July 02, 20247 min read

A Dyno Nobel crew of two sits in a pickup truck under the loading dock for ammonium nitrate in Saltdale, California.
A Dyno Nobel crew of two sits in a pickup truck under the loading dock for ammonium nitrate in Saltdale, California. (Pat Maio, Cowboy State Daily)

SALTDALE, Calif. — In the Mojave Desert, where the temperatures were dancing around 100 degrees Monday, a white pickup rolled up slowly to a barbed-wire fence with a padlocked gate.

A worker for explosive chemical-maker Dyno Nobel gingerly climbed out of his truck and unlocked the 6-foot-high fence, pushed the gate wide open and slowly slipped back in the front cab where a co-worker rode shotgun.

They pulled into the rail yard next to 10 hopper railcars sitting in the middle of the Mojave’s dead mining town of Saltdale.

There’s nothing left of historic significance here, except maybe an old, crumbling concrete loading dock near the rail tracks. A few rotted rail ties are poking out of the dusty sand.

The U.S. Post Office has long since blown away and been pounded back into the burning hot sand of the Mojave. The school’s gone. So is the church. There’s no evidence of housing of any sort.

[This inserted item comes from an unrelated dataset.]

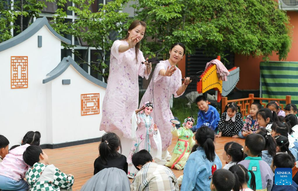 Children interact with puppets at a kindergarten in Qidu Town, Wujiang District of Suzhou City, east China's Jiangsu Province, April 20, 2023. Kunqu, with a history of hundreds of years, is listed by the United Nations Educational, Scientific and Cultural Organization (UNESCO) as an intangible cultural heritage in 2001. (Xinhua/Yang Lei)

The only signs of life in this desolate town off a gravel road at the intersection of Saltdale and Red Rock Randsberg roads were the two Cheyenne-based Dyno Nobel workers who were sitting parked next to the rail spur with the air conditioning blasting in their truck, seats tilted back in a reclining position.

The Experts Are Surprised

Geologists Larry Vredenburgh and Gregg Wilkerson, formerly with field offices with the Bureau of Land Management in Southern California and expert historians on the mining history in the desertscape that runs from the Mexican border to the Mojave, stood aghast.

“Dyno Nobel?” said the retired Vredenburgh. “I thought they were still extracting salt from the area.”

Wilkerson, Vredenburgh's retired co-worker who these days is sporting a white Fu Manchu mustache, wasn’t sure what to think.

The geologists have written extensively on salt mining in the Saltdale area, as well as gold, silver, borax, tungsten and other minerals pulled out of the searing hot climate.

They’ve compiled essay after essay on the topic, and on a ride around the Mojave on Monday with Cowboy State Daily, they pointed to “headframes” (mine entrances) buried in the hills above gold mining town Randsburg, California. Also one in Soledad Mountain, a gold and silver project being developed in the town of Mojave that has seen its top blown off from open pit mining.

Mojave is where maverick aerospace engineer Burt Rutan has quietly toiled for decades on a novel lightweight spaceship at the Mojave Air & Space Port, where today dozens of commercial jets are parked for secret drone work.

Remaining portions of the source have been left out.